TDAT has all the ingredients that every movie featuring a major-disaster has to have, like:
1. Major disaster
2. Only a few guys who actually see it coming
3. But no one will listen to them till it's too late
4. A moral to this effect: if we don't change our ways immediately, humanity could be wiped out. And this is a bad thing.
TDAT has all this and more. It has little stories about real people and their real lives caught in the eye of the storm, tales of courage and hope and brotherhood. But, we figure, it's okay to get a little soppy when the world is about to end. Besides, it's heartening to know that pointless philosophy, corny jokes and hormones can survive even the dawning of the next Ice Age.
And it's exactly this predicament that Adrian Hall (Dennis Quaid) is screaming himself hoarse about. We must put an end to global-warming, he says at a UN convention, or our children will pay the price. Don't you see that, people? Don't you see?
But even as Hall is finishing his speech and having world leaders be dumb at him, the world is being deluged. The polar ice caps have started to melt; it's snowing in Delhi, raining chunks of ice in Tokyo and people are freezing solid in Scotland. We'll risk a pun and say that this last phenomenon is actually pretty cool to watch.
When you go to watch a movie like this one, we take it you like computer graphics. Well, you won't be disappointed. The special effects - especially the freezing bits - are totally worth your while. Otherwise the film looks and sounds like a documentary, except for the mandatory human-interest stories. After all you can't watch tornadoes, floods, hailstorms and blizzards all the time.

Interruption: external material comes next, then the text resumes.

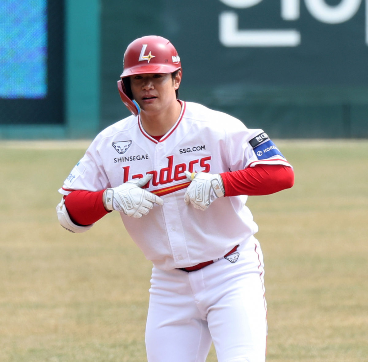 SSG 4번타자 김재환이 24일 랜더스필드에서 열린 1016 프로야구 시범경기 SSG랜더스와 롯데자이언츠 경기 4회말 1사 2루에서 1타점 2루타로 출루하고 있다. 2026.03.24.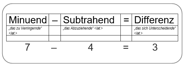 Die elementaren Fachbegriffe im Zusammenhang mit der Subtraktion dürften wohl den allermeisten von uns geläufig sein:

Speaking of nasty weather, the entire first half of this movie is dedicated to the obliteration of North America. Mostly we watch twisters rip through LA and Manhattan going under (you can tell because there's a ocean cruiser parked next to the Public Library).
This library is where Hall's son Sam (Jake Gyllenhaal), his friends, the nerd-squad, and several other New Yorkers are marooned. As he throws books into the fireplace, nurses a sick girlfriend (Emmy Rossum), and fights off a pack of wolves on the run, he waits for his father to keep his promise. The second half of the movie tracks Hall's perilous journey to his son, and the course of three ice storms that freeze everything they touch, including people, buildings and even a waving flag. Just like someone hit the Pause button.
Of course, eventually the thaw sets in, the sun shines and it all works out the day after tomorrow.
So here's the point, in case you were wondering. The end of the world is closer than you think. If we continue to burn up the ozone layer, there is no hope for us and it will all be over in a century or so, give or take a couple of hundred years. This is the time to think about our children and our children's children and their children.
Then again, as Groucho once said - I've seen the next generation. Maybe it's best if this whole thing ends right here.